Por fortuna, también hay ciudadanos diferentes: quienes tienden su mano a los migrantes, entre ellos numerosos alemanes liderados por una mujer de convicciones éticas; algunos estudiosos que traducen a Esquilo para transmitirnos sin oropeles su mensaje cosmopolita, como el buen maestro de griego Alfonso Martínez Díez; las jóvenes que esforzadamente declaman Las suplicantes en el Teatro Romano de Mérida o el benévolo enjambre de espectadores noctámbulos que acude a su representación. Y una ácida escritora austriaca, la premio Nobel Elfriede Jelinek, quien en Die Schutzbefohlenen replica a Esquilo para subrayar la universalidad del drama de los refugiados. Son esta vez –noviembre de 2012– afganos y paquistaníes encerrados en una iglesia de Viena: Estamos vivos. Lo principal es que vivimos y apenas hay más que eso después de dejar la sagrada patria. Huimos, condenados no por ningún tribunal del mundo, sino por todos, allí y aquí. Cuanto puede conocerse de nuestras vidas se ha evaporado. Somos citados pero no somos vistos. Tumbados en el frío suelo de la iglesia, nuestra existencia es nuestra moneda, todo lo que poseemos. En otras palabras, sólo contamos con nuestro propio ser como medio de pago. Tenemos respeto, demostramos respeto, pero no tenemos dinero para pagar el respeto de los demás.

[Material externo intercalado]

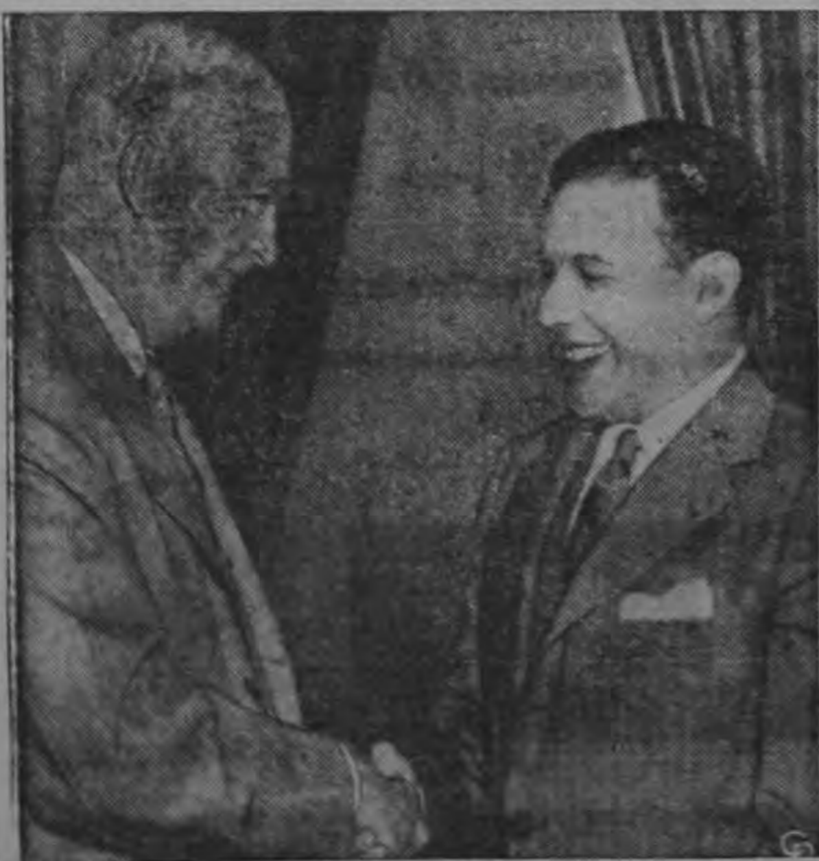
El Presidente Eisenhower estrecha la mano del Dr. Joao Goulart vice-presidente del Brasil en una entrevista en la Casa Blanca. Goulart está haciendo un recorrido por los Estados Unidos.

Eisenhower estrecha la mano del Dr. Goulart
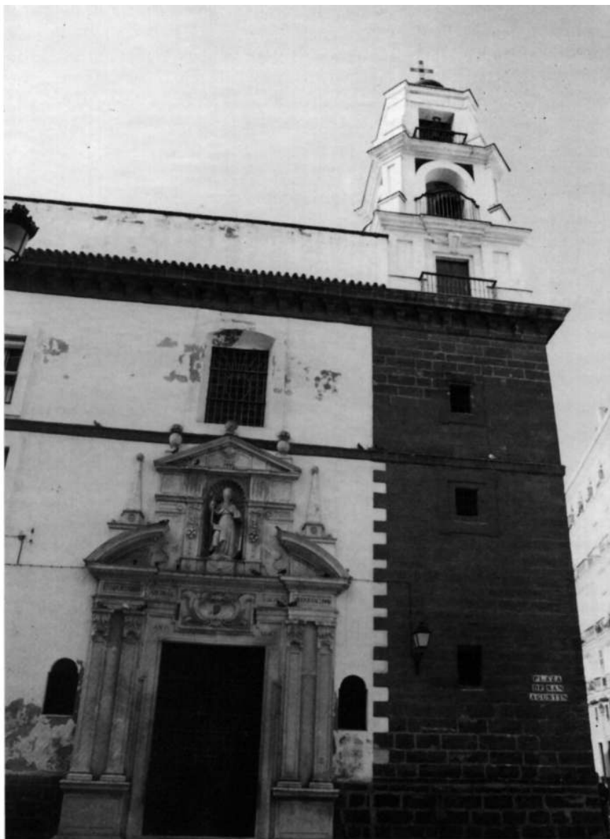
Portada y vista general de la Torre de la iglesia de San Agustín.
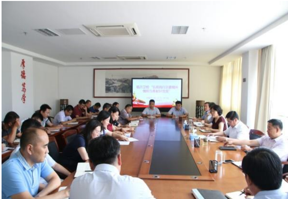
“弘扬践行沂蒙精神 做担当奉献好党员”党委中心组（扩大）学习会

围绕“弘扬践行沂蒙精神”，组织一次理论中心组专题学习研讨；各党支部开展研讨交流，组织党员谈认识、讲体会、议发展、定措施，每位党员认真撰写了以“弘扬践行沂蒙精神争做担当奉献好党员”为主题的研讨材料，形成全员参与、广泛研讨、深化认识、提升境界的浓厚氛围。
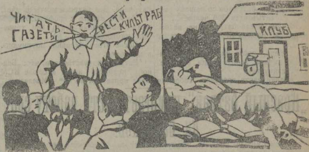
На собраниях—одно, на деле—другое.
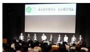
シンポジウム(イメージ)
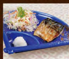
さばの塩焼き 230(税込253)

Son ráfagas de imágenes y palabras que recuerdan cómo, bajo el flujo de la historia y la diversidad de los credos, hay valores que permanecen: la dignidad de la persona, la libertad, el bien verdaderamente común, la compasión, la sed de justicia que movía a los argivos y a quienes ven y oyen Las suplicantes, en Epidauro hace dos mil años, en uno de estos tórridos veranos extremeños o en el corazón de Viena. Si el mundo es mejor con tales valores y a muchos nos emocionan, será porque en realidad existen, igual que existe la miseria. Incluso puede que también conmuevan a quienes se atreven a mirar a los ojos de las auténticas suplicantes en los campos de Atmeh, Idomeni, Chios, Melilla, Lampedusa y tantos más, para nuestra vergüenza, suplicantes sin dinero con que comprar su asilo o ganarse un pedazo de suelo donde descansar. No bastan los juicios morales para ordenar la convivencia en tiempos difíciles, pero son un vector imprescindible para orientar –por entre la arbitrariedad de las fronteras, las limitaciones aritméticas de la economía y las ambiciones de poder– una política común europea sobre los refugiados y los migrantes que no nos avergüence de la memoria de Esquilo y, sobre todo, del dolor próximo de nuestros hermanos. Existen esos valores, aunque se encarnen en otro lugar y estemos tardando demasiado en encontrarlo.